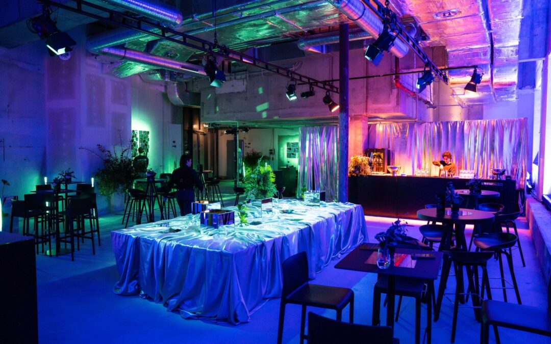 Für 70 geladene, namhafte Gäste aus der Branche wurde eine knapp 600 qm große, zweigeschossige Rohbaufläche in eine immersive Dinner und Eventwelt verwandelt. Ziel war es, das volle Potenzial der Venue erlebbar zu machen – nach innen wie nach außen.Großflächige Fensterfronten sorgten für starke Außenwirkung: Licht, Bewegung und Atmosphäre wurden bewusst eingesetzt und machten das Event so auch im Stadtraum sichtbar.
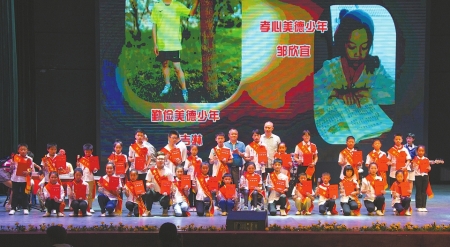 5月31日,自貢市舉行慶?!傲弧眹H兒童節(jié)文藝演出,榮縣長山鎮(zhèn)五通小學校二年級的鄒心宜等30名少年被授予“美德少年”稱號,成為自貢未成年人學習的先進典型榜樣,被全場的小觀眾熱烈“點贊”。會上,號召全市廣大未成年人學習“美德少年”的先進事跡,從自己做起、從小事做起、從點滴做起,在家做個好孩子、在校做個好學生、在社會做個好公民。
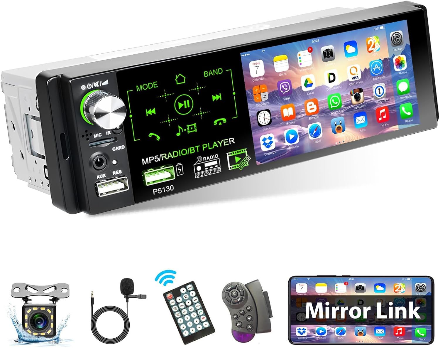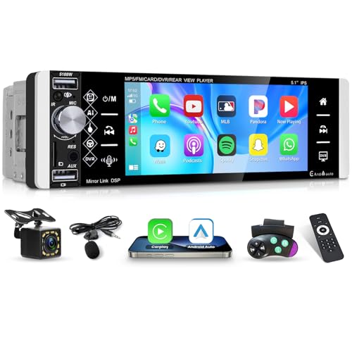 Hikity FM AM RDS 1 Din Autoradio Weireless Carplay Android Auto, Ecran Tactile 5,1 Pouces Bluetooth Poste Radio Voiture avec FM, EQ Mirror Link, AUX/TF/USB, Caméra de Recul
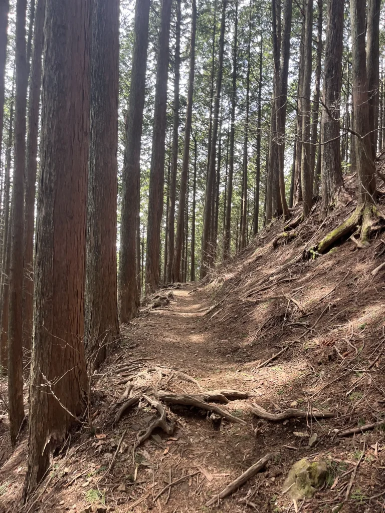 武蔵御嶽神社での参拝後はハイキングコースに戻り、杉並木の山道を歩きます。
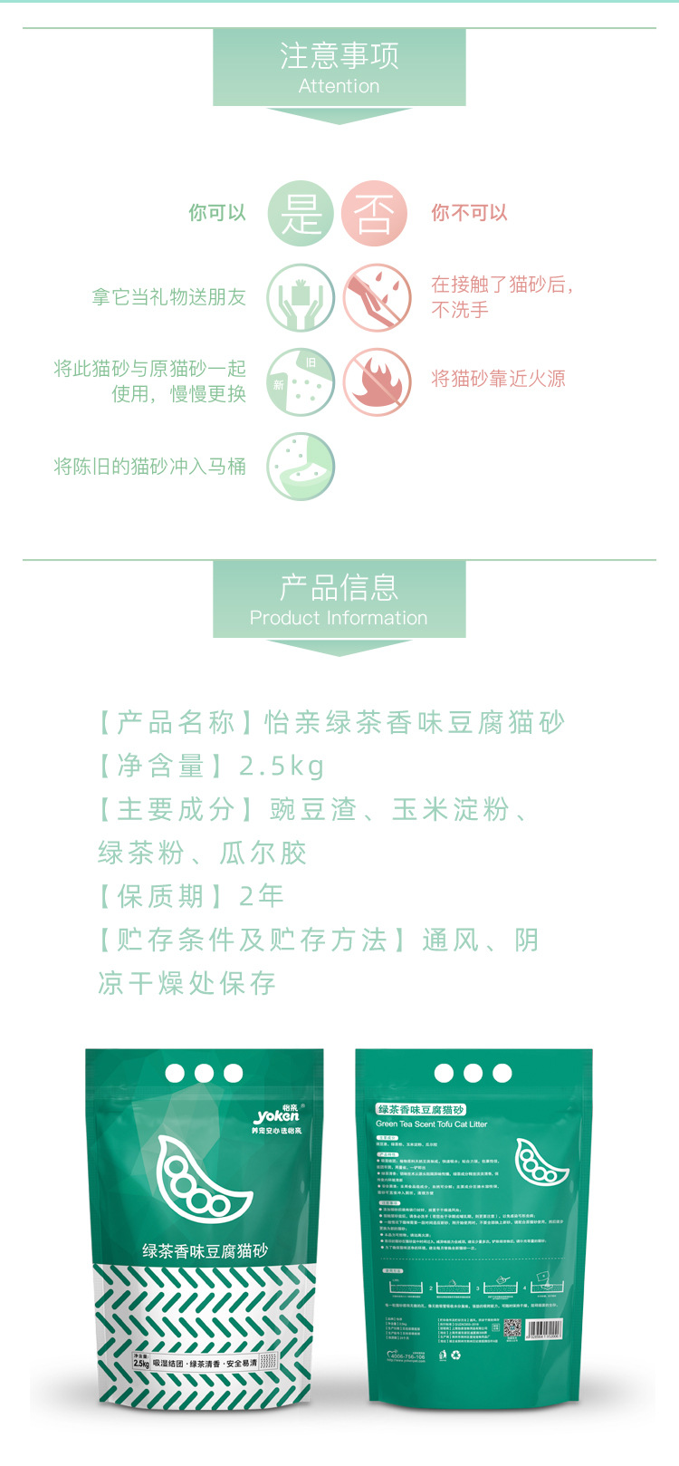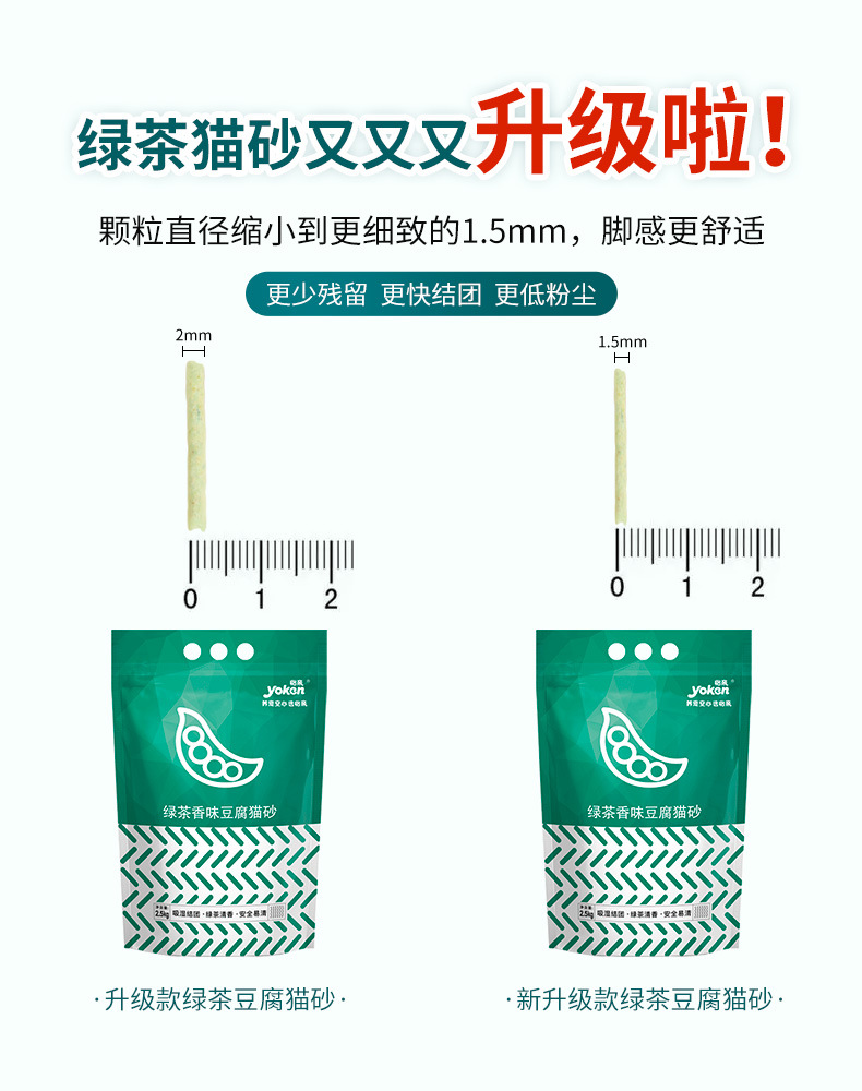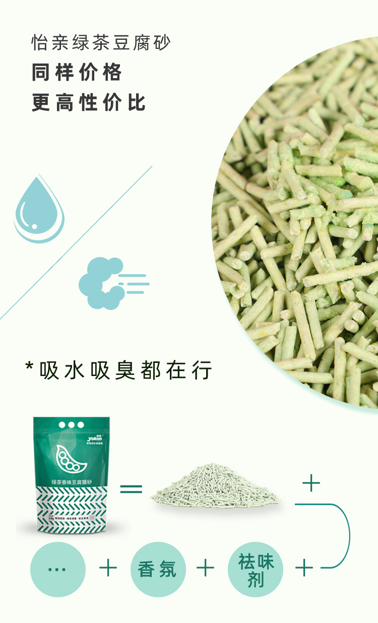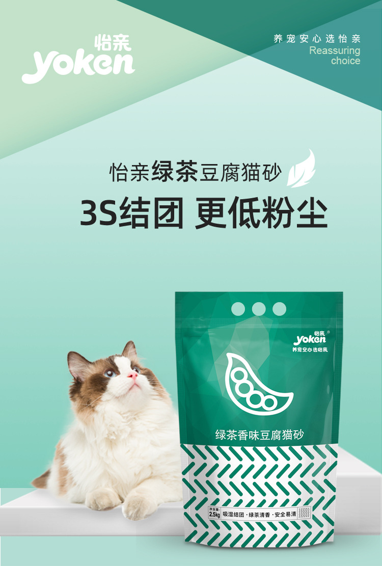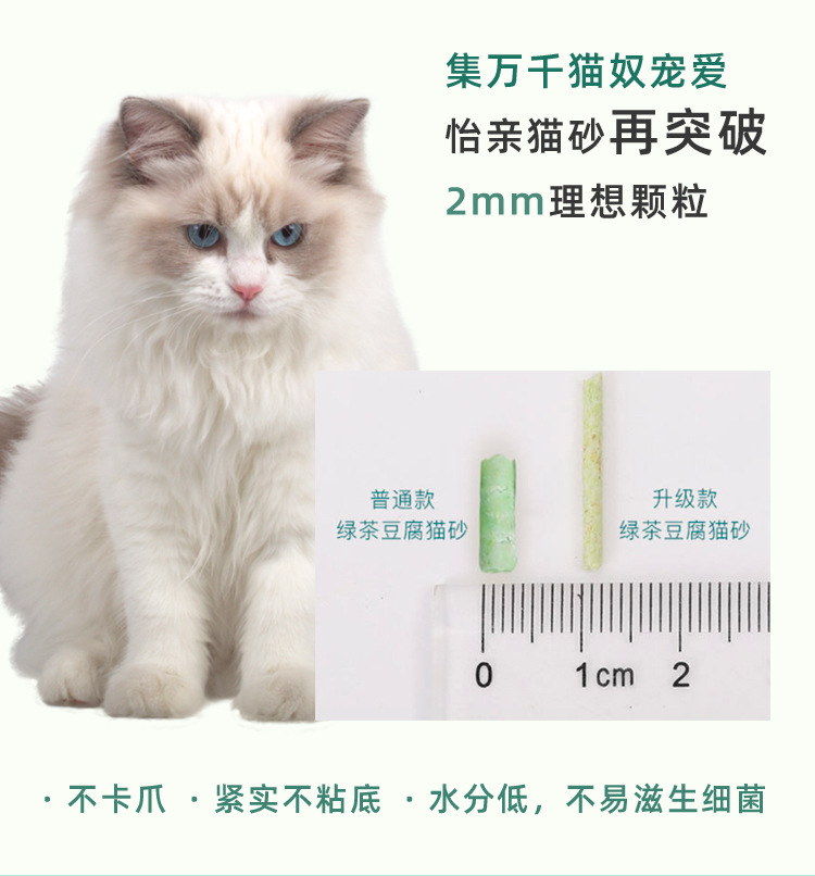 이친 녹차 두부 고양이 모래 빠른 응고 탈취 저먼지 2.5kg 화장실에 쓸 수 있는 새 포장 탈취 및 악취 억제
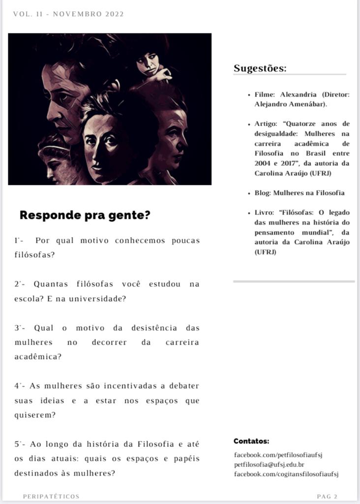 O periPATÉTICOS é um dos projetos de extensão realizado pelo Grupo PET Filosofia, o qual consiste na elaboração e publicação de um periódico cujos temas abordam diversas áreas da Filosofia, como estética, política, artes, etc. 'Peripatético' é a palavra grega cujo significado é 'ambulante' ou 'itinerante'. Os peripatéticos formaram, no passado, um grupo de filósofos seguidores de Aristóteles que praticava o ato de filosofar caminhando pela ágora e pelas ruas da cidade e, por esta razão, o termo foi escolhido para ser o nome do periódico, uma vez que o mesmo é colado em locais públicos. Na cidade de São João del Rei, o periódico assemelha-se aos tradicionais jornais de poste, sendo eles de fácil acesso e de modo que seus leitores possam refletir sobre as temáticas apresentadas enquanto caminham.

* WORK TASK
The data above are to be repeated word for word, with any pictures left out.

* EXERCISE RESPONSE
 Für 70 geladene, namhafte Gäste aus der Branche wurde eine knapp 600 qm große, zweigeschossige Rohbaufläche in eine immersive Dinner und Eventwelt verwandelt. Ziel war es, das volle Potenzial der Venue erlebbar zu machen – nach innen wie nach außen.Großflächige Fensterfronten sorgten für starke Außenwirkung: Licht, Bewegung und Atmosphäre wurden bewusst eingesetzt und machten das Event so auch im Stadtraum sichtbar.
 5月31日,自貢市舉行慶?!傲弧眹H兒童節(jié)文藝演出,榮縣長山鎮(zhèn)五通小學校二年級的鄒心宜等30名少年被授予“美德少年”稱號,成為自貢未成年人學習的先進典型榜樣,被全場的小觀眾熱烈“點贊”。會上,號召全市廣大未成年人學習“美德少年”的先進事跡,從自己做起、從小事做起、從點滴做起,在家做個好孩子、在校做個好學生、在社會做個好公民。
 Hikity FM AM RDS 1 Din Autoradio Weireless Carplay Android Auto, Ecran Tactile 5,1 Pouces Bluetooth Poste Radio Voiture avec FM, EQ Mirror Link, AUX/TF/USB, Caméra de Recul
 武蔵御嶽神社での参拝後はハイキングコースに戻り、杉並木の山道を歩きます。
 이친 녹차 두부 고양이 모래 빠른 응고 탈취 저먼지 2.5kg 화장실에 쓸 수 있는 새 포장 탈취 및 악취 억제
 O periPATÉTICOS é um dos projetos de extensão realizado pelo Grupo PET Filosofia, o qual consiste na elaboração e publicação de um periódico cujos temas abordam diversas áreas da Filosofia, como estética, política, artes, etc. 'Peripatético' é a palavra grega cujo significado é 'ambulante' ou 'itinerante'. Os peripatéticos formaram, no passado, um grupo de filósofos seguidores de Aristóteles que praticava o ato de filosofar caminhando pela ágora e pelas ruas da cidade e, por esta razão, o termo foi escolhido para ser o nome do periódico, uma vez que o mesmo é colado em locais públicos. Na cidade de São João del Rei, o periódico assemelha-se aos tradicionais jornais de poste, sendo eles de fácil acesso e de modo que seus leitores possam refletir sobre as temáticas apresentadas enquanto caminham.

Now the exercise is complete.